# Ocmulgee WMA



## broach0018 (Sep 16, 2011)

Went to Ocmulgee WMA and the hogs are everywhere!! Seen alot of sign and heard a few as well while scouting! I was blown away at how dry the creek beds were! But a few still had some moisture in it in select spots and the hogs have been all over it! Excited about the weekend hunt!!!


----------



## 813diablo (Sep 19, 2011)

COoollll!!!!   Any chance you can tell me how to get there?  I want to go do some scouting for piglet


----------



## BCarmichael (Oct 15, 2011)

I go almost every weekend and hunt right on the river and i have only seen two this year.


----------



## Tadpole23 (Oct 16, 2011)

I hunt here all the time. I see hogs all the time going today try to stick a pig with traditional archery


----------



## tournament fisher (Oct 16, 2011)

that place is infested with hogs and hog hunters. there is not a dumb hog on the entire place. with the way they reproduce you can never slow the population down by hunting alone.


----------



## Tadpole23 (Oct 16, 2011)

There are some dumb hogs here just got to know were to look.


----------



## Double-H2020 (Oct 16, 2011)

the more people post about places to hunt the more hogs get educated, all it takes is for someone to start a post like this. so dumb!!! you just as well should tell them what tree to get in and were to go


----------



## broach0018 (Oct 16, 2011)

longbeard09 said:


> the more people post about places to hunt the more hogs get educated, all it takes is for someone to start a post like this. so dumb!!! you just as well should tell them what tree to get in and were to go



If a simple conversaton post (like this) effects your hunting or the outcome of your hunt in a negitive way then it sounds to me that the post or forum is not to blame!  

Its really not that hard to find them even without this forum or the help of others! This is a friendly conversation which in turn may offer advise to those who are less educated when it comes to hogs and hog hunting! And incase you havent noticed...the hogs at ocmulgee WMA are abundunt!
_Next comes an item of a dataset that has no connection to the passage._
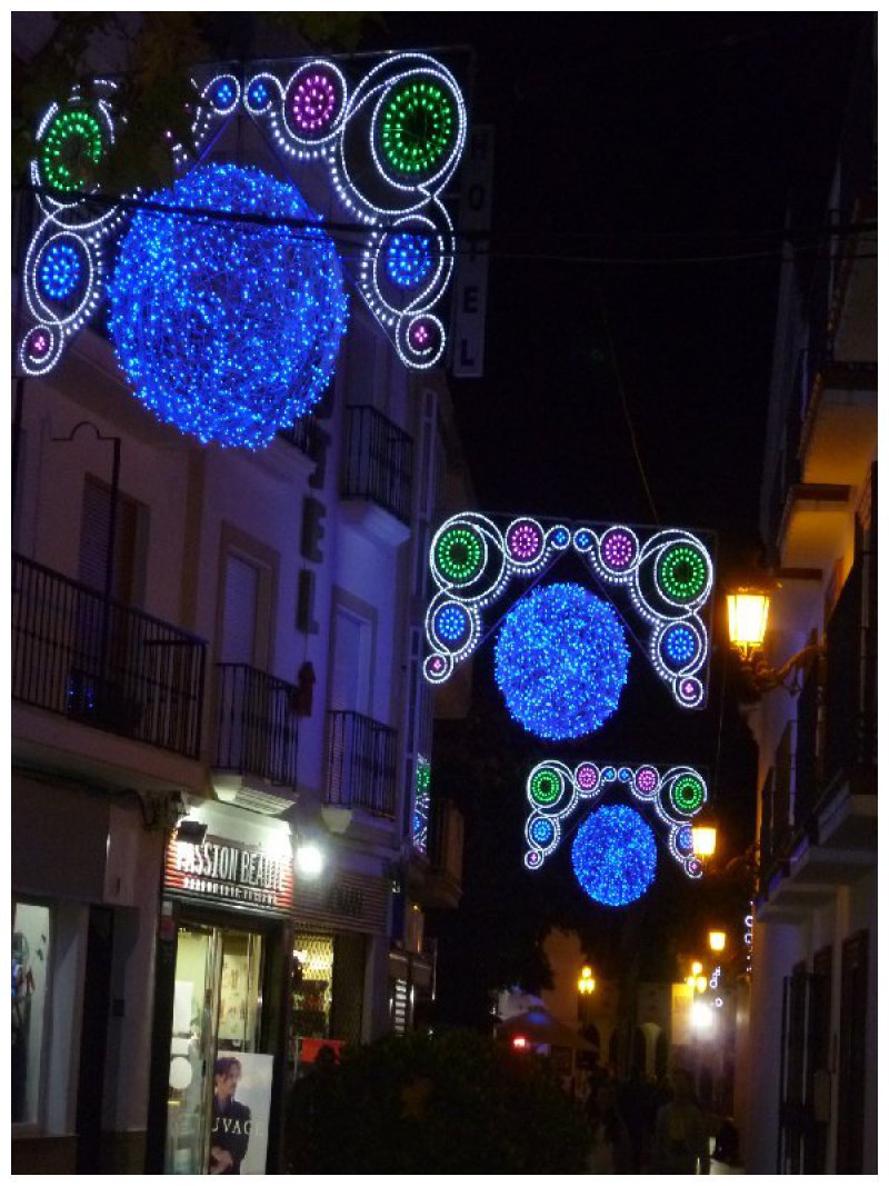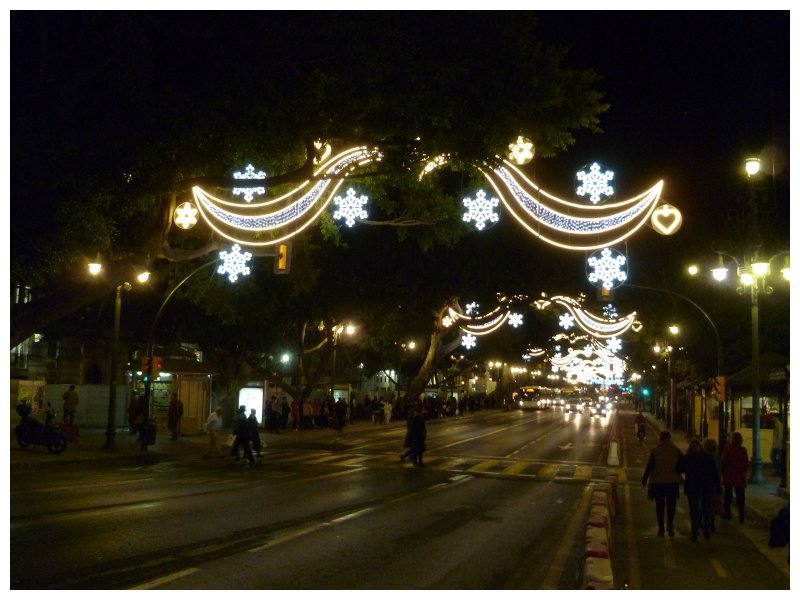 Over the past four weeks so many people here at El Pino have talked about the Malaga Christmas lights that I thought I should go and see them for myself before they are turned off for the last time tomorrow night. Tonight (the 5th of January) is the Fiesta de los Tres Reyes – the arrival of the Three Kings. In traditional Spanish families it’s tonight when children receive their presents and Christmas is not considered to be over until the end of the 6th. Later tonight the Three Kings Fiesta will take place through the street of the neighbouring town at Nerja.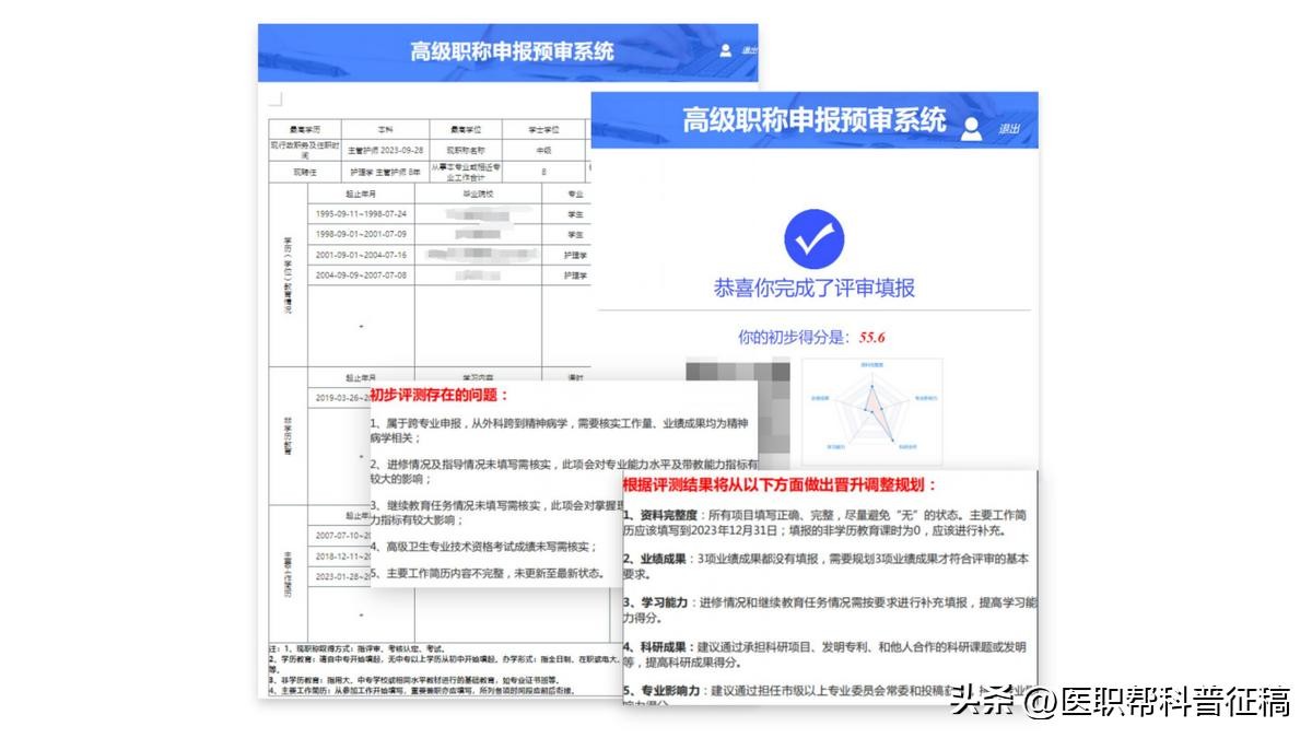 预审系统真实还原广东省卫生高级职称网上申报系统,严格按照省评系统标准,审核每一项信息,并提供审核报告及优化建议,并提供详尽的指导和实时答疑解惑。避免后期评审时,才发现各种材料不符合要求,而被迫延期申报职称的情况。

This is no secret to anyone who has ever been there!


----------



## SELFBOW (Oct 16, 2011)

broach0018 said:


> If a simple conversaton post (like this) effects your hunting or the outcome of your hunt in a negitive way then it sounds to me that the post or forum is not to blame!
> 
> Its really not that hard to find them even without this forum or the help of others! This is a friendly conversation which in turn may offer advise to those who are less educated when it comes to hogs and hog hunting! And incase you havent noticed...the hogs at ocmulgee WMA are abundunt! This is no secret to anyone who has ever been there!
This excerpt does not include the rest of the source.